Sunday, November 01, 2009

i finally have some original music to share with you all. it's a song i wrote with my brother called "trust." i wrote it for a friend who had just come out of a long-term relationship. i wanted to talk about loss and how it's something that's hard to take or even understand, no matter how much we prepare for it. just moments ago, i got news that another friend of mine just lost a family member - i then realized the song was more relevant than i first imagined...

you can stream it at http://www.myspace.com/wearelocus.

on a lighter note, our my band's latest album is now on itunes...check out our blog for more information.

thanks for listening!


Sunday, October 11, 2009

national coming out day is this coming sunday. my mother doesn't know this, but i'm sure she remembers the day i came out to her.

it's been more than four years since i've been out to my mother. that being said, however, it's only been during these past few months where i've felt more and more comfortable discussing with her about daniel.

growing up, i was always closer to my mother. while my relationship with my father was rather volatile, i always felt i could rely on my mother. i confided everything in her. she listened to all my childish rants, and she shared all her life stories with me. my mother truly thought she knew everything there was to know about me, as any mother would, so to realize that she hadn't was nothing short of devastating.

when i first came out, my mother blamed herself entirely. our once very close bond rapidly deteriorated into silence. i've tried repeatedly to open up to her, but each time, she would retreat from me. after a while, we began resuming some of our usual conversations, but she would never ask about my personal life. on one occasion, she happened to glance over at a photo of myself and daniel, and immediately asked that i put it away.

i still recall the very first time she started to inquire about daniel. it was more than a year ago. he had just left for shanghai, and i, along with my brother and his boyfriend, were just coming off a hectic search for a new apartment. i began explaining my situation to her over the phone. it was the first time she had acknowledged his presence in my life, although i had already moved away from home to be with him two years prior. after hanging up, i felt a strange, almost euphoric mix of relief, gladness, and excitement. it seemed as though my mother was finally beginning to make peace with a part of our relationship that had been left broken and unattended for so long.

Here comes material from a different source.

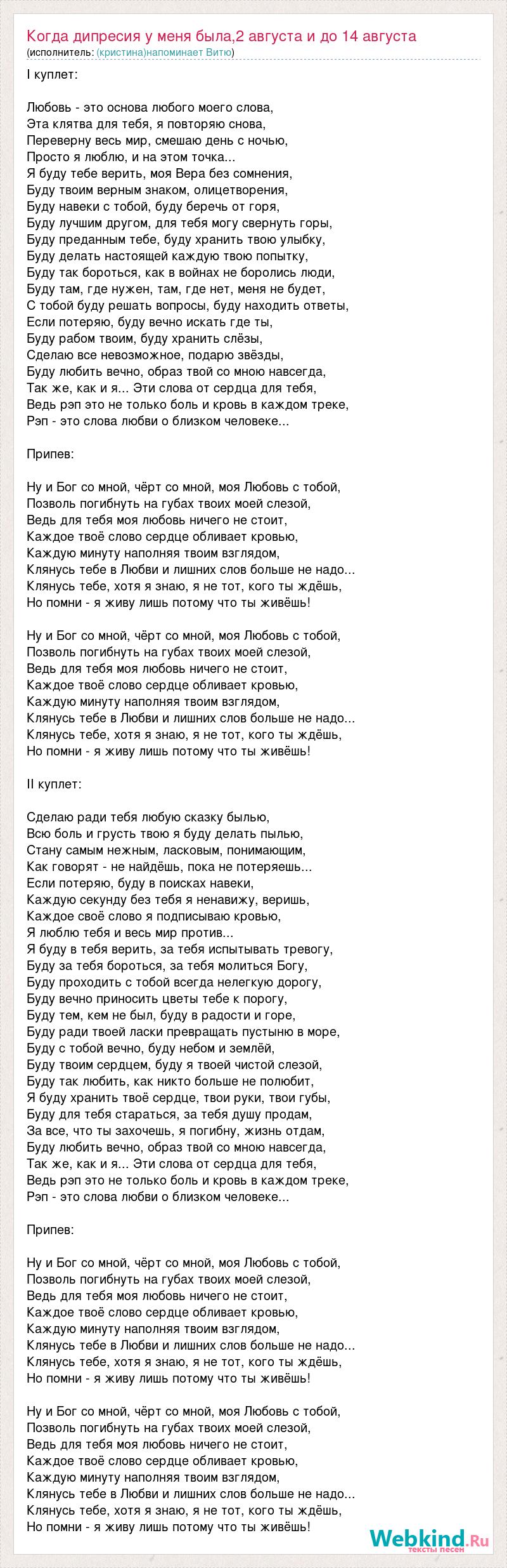 I куплет: Любовь - это основа любого моего слова, Эта клятва для тебя, я повторяю снова, Переверну весь мир, смешаю день с ночью, Просто я люблю, и на этом точка... Я буду тебе верить, моя Вера без сомнения, Буду твоим верным знаком, олицетворения, Буду навеки с тобой, буду беречь от горя, Буду лучшим другом, для тебя могу свернуть горы, Буду преданным тебе, буду хранить твою улыбку, Буду делать настоящей каждую твою попытку, Буду так бороться, как в войнах не боролись люди, Буду там, где нужен, там, где нет, меня не будет, С тобой буду решать вопросы, буду находить ответы, Если потеряю, буду вечно искать где ты, Буду рабом твоим, буду хранить слёзы, Сделаю все невозможное, подарю звёзды, Буду любить вечно, образ твой со мною навсегда, Так же, как и я... Эти слова от сердца для тебя, Ведь рэп это не только боль и кровь в каждом треке, Рэп - это слова любви о близком человеке... Припев: Ну и Бог со мной, чёрт со мной, моя Любовь с тобой, Позволь погибнуть на губах твоих моей слезой, Ведь для тебя моя любовь ничего не стоит, Каждое твоё слово сердце обливает кровью, Каждую минуту наполняя твоим взглядом, Клянусь тебе в Любви и лишних слов больше не надо... Клянусь тебе, хотя я знаю, я не тот, кого ты ждёшь, Но помни - я живу лишь потому что ты живёшь! Ну и Бог со мной, чёрт со мной, моя Любовь с тобой, Позволь погибнуть на губах твоих моей слезой, Ведь для тебя моя любовь ничего не стоит, Каждое твоё слово сердце обливает кровью, Каждую минуту наполняя твоим взглядом, Клянусь тебе в Любви и лишних слов больше не надо... Клянусь тебе, хотя я знаю, я не тот, кого ты ждёшь, Но помни - я живу лишь потому что ты живёшь! II куплет: Сделаю ради тебя любую сказку былью, Всю боль и грусть твою я буду делать пылью, Стану самым нежным, ласковым, понимающим, Как говорят - не найдёшь, пока не потеряешь... Если потеряю, буду в поисках навеки, Каждую секунду без тебя я ненавижу, веришь, Каждое своё слово я подписываю кровью, Я люблю тебя и весь мир против... Я буду в тебя верить, за тебя испытывать тревогу, Буду за тебя бороться, за тебя молиться Богу, Буду проходить с тобой всегда нелегкую дорогу, Буду вечно приносить цветы тебе к порогу, Буду тем, кем не был, буду в радости и горе, Буду ради твоей ласки превращать пустыню в море, Буду с тобой вечно, буду небом и землёй, Буду твоим сердцем, буду я твоей чистой слезой, Буду так любить, как никто больше не полюбит, Я буду хранить твоё сердце, твои руки, твои губы, Буду для тебя стараться, за тебя душу продам, За все, что ты захочешь, я погибну, жизнь отдам, Буду любить вечно, образ твой со мною навсегда, Так же, как и я... Эти слова от сердца для тебя, Ведь рэп это не только боль и кровь в каждом треке, Рэп - это слова любви о близком человеке... Припев: Ну и Бог со мной, чёрт со мной, моя Любовь с тобой, Позволь погибнуть на губах твоих моей слезой, Ведь для тебя моя любовь ничего не стоит, Каждое твоё слово сердце обливает кровью, Каждую минуту наполняя твоим взглядом, Клянусь тебе в Любви и лишних слов больше не надо... Клянусь тебе, хотя я знаю, я не тот, кого ты ждёшь, Но помни - я живу лишь потому что ты живёшь! Ну и Бог со мной, чёрт со мной, моя Любовь с тобой, Позволь погибнуть на губах твоих моей слезой, Ведь для тебя моя любовь ничего не стоит, Каждое твоё слово сердце обливает кровью, Каждую минуту наполняя твоим взглядом, Клянусь тебе в Любви и лишних слов больше не надо... Кляну

these days, when she calls me, she asks about him, even if a bit casually. i'm starting to tell her about his annoying spending habits, his job situation, and a bit about our life together. she seems more at ease. i haven't told her about our marriage yet - i'm still holding back, unsure if she's ready for the news. in any case, it's a good start, and i hope one day she will want to meet him as much as daniel wants to meet her.

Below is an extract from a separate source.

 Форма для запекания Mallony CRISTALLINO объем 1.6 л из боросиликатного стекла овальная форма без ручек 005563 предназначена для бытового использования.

growing up in a traditional asian family, i understand too well that the apprehension towards coming out is caused by the fear of disappointing your precious loved ones, but being raised in a generally liberal city, i also understand that i owe it to myself to be honest and forthcoming about who i am. people may say that i live a "lifestyle" and chose this for myself. only a gay person who's experienced the physical and emotional trauma of homophobia can look you in the eye and tell you that it is not a choice to be who you are. it's disheartening to know that, due to fear of rejection, many closeted gays and lesbians are being forced to live their lives the way their families intended for them, not the way they would have wanted for themselves.

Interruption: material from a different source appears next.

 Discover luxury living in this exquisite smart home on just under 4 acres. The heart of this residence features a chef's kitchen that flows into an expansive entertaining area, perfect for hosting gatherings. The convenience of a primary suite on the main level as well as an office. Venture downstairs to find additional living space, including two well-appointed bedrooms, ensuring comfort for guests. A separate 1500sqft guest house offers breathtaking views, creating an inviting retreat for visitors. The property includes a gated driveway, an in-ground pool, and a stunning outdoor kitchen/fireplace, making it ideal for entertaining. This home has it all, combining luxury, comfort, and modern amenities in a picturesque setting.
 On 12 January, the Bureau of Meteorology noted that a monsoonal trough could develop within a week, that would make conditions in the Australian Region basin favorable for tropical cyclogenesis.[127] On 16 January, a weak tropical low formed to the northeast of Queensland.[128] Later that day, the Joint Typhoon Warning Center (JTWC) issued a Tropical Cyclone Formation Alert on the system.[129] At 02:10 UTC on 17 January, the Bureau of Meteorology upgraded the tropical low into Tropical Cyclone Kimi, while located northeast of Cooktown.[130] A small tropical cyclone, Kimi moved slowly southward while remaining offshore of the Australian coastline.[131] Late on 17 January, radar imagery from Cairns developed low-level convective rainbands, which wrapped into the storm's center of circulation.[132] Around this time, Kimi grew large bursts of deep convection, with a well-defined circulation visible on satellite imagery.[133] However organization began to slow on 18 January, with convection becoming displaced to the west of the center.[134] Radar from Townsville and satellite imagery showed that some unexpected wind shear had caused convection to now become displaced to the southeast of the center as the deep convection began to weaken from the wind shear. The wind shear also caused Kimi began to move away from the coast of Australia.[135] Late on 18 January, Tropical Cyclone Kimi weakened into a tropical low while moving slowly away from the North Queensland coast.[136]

while coming out can be a daunting task (and it certainly was for me) and one that entails a real amount of risk, the earlier you do it, the sooner the healing process can begin, both for yourself and those you love. people may tell me that coming out is an act of selfishness, but as much as i love my family and would do anything for them, i cannot live my life for someone else. i hope my dearest friends who are still not out can find courage within and know that no matter what happens, there will always be someone ready to accept you and love you for who you are.